What are the symptoms of rejection of liver transplantation?

liver transplantation and graft patients may suffer from complications if the transplanted organ is rejected by the body. Although doctors are trying to compare donors with recipients according to the type of tissue and cells, it may be rejected when the immune system identifies the transplanted tissue as foreign. The common symptoms of the rejection of the liver transplant include fever, abdominal pain or swelling, irritability, fatigue, colored skin and colored urine. While many of these symptoms are mild and often are part of the recovery and adaptation process, prolonged or more extreme symptoms may indicate rejection. Patients suffering from symptoms of rejection should immediately consult a doctor. In the case of fever, the temperature is higher than 100 ° F (37.7 ° C) is a strong symptom of the tissue rejection, although even a small increase in body temperature can indicate a problem. Pain, tenderness and swelling of the tissue in the abdominal region may be caused by post-surgical bruise or infections, but can also mean rejection of tissue. If two or more of youCHTO symptoms have occurred in tandem, they may be a firm indicator of rejection of transplantation as more serious side effects.

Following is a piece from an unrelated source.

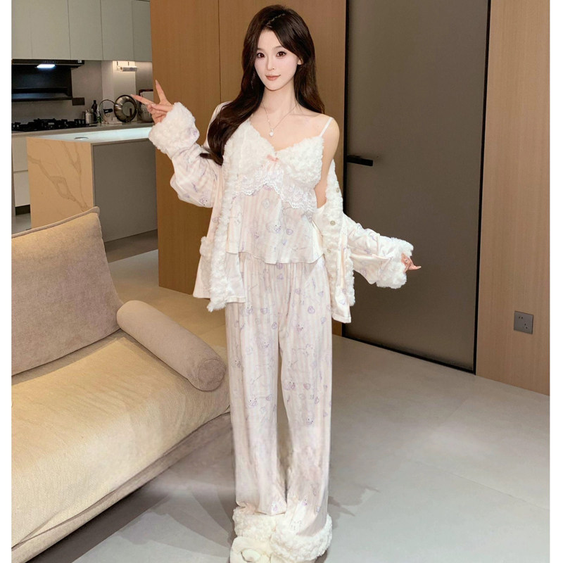 2025新款海岛绒睡衣少女秋冬季带胸垫吊带性感纯欲风三件套家居服

More obvious reactions may include stools of clay, jaundice and brown urine. These symptoms are less easily mistaken with other diseases and are certainly aimed at rejecting liver transplantation. Because the liver processes toxins in the body, colored skin, stools and urine usually indicate the improper function of the liver or failure. Regular testing of liver function can also determine the failure of early stage or advanced transplantation.

Some patients suffer from any symptom of the Semom rejection of the liver transplantation until the transplanted organ fails. These people are often exposed to the highest risk of serious side effects because they lack brands of early warning. Patients with liver transplantation, even those who seem to recover well should be carefully monitored in terms of whatIf signs of sudden failure or rejection and should receive emergency care immediately after transplant failure.

Rejection drugs are usually prescribed to adapt the patient's body the presence of foreign tissue. Many transplant patients are required to maintain a drug regime for the rest of their lives to prevent the rejection of the tissue in the late stage. Although the medicine is often successful, in some cases the patient's body develops tolerance over time, and after months or years without an incident, it can still reject the transplanted liver. Regular monitoring and medical care is required to ensure proper function of the liver and prevent later rejection of liver transplantation.